A Hole in Texas
- First edition
- Author: Herman Wouk
- Language: English
- Publisher: Little, Brown and Company
- Publication date: April 14, 2004
- Publication place: United States
- Media type: Print (hardcover)
- Pages: 288 pages
- ISBN: 0-316-52590-1
- OCLC: 53019565
- Dewey Decimal: 813/.54 22
- LC Class: PS3545.O98 H65 2004

= A Hole in Texas =

Novel by Herman Wouk

A Hole In Texas is a novel by Herman Wouk. Published in 2004, the book describes the adventures of a high-energy physicist following the surprise announcement that a Chinese physicist (with whom he had a long-ago romance) had discovered the long-sought Higgs boson.

Parts of the plot are based on the aborted Superconducting Super Collider project.

Published by Little, Brown and Company, ISBN 0-316-52590-1.
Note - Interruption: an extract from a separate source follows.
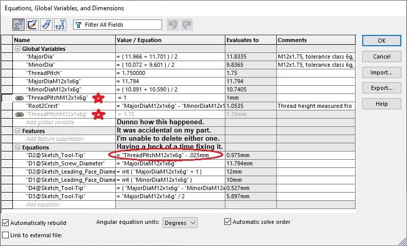 Somehow there is a global variable of the same name. Each has a different value assigned. Neither can be deleted. This, of course, is a problem. Both appear to be linked. One is "grayed out". The other is not. CTRL-Q does not reveal an error condition.

==Literary significance and reception==
Kirkus Reviews said that A Hole In Texas was "Ingenious. Absolutely ingenious." Publishers Weekly called it "Occasionally corny but also playful, thoughtful and passionate". The journal Science said that Wouk "accurately depicts science as an often interactive and collegial enterprise", and that the novel offers a "refreshing contrast with the treatments of mad scientists that are so abundant in literature and popular culture." The review in Nature had some criticism, saying that the "scientific explanations are pat and usually come in the form of long e-mails that bog down the plot", that the discussions of the Chinese people "verge on racism", and that the book's ending "falls flat".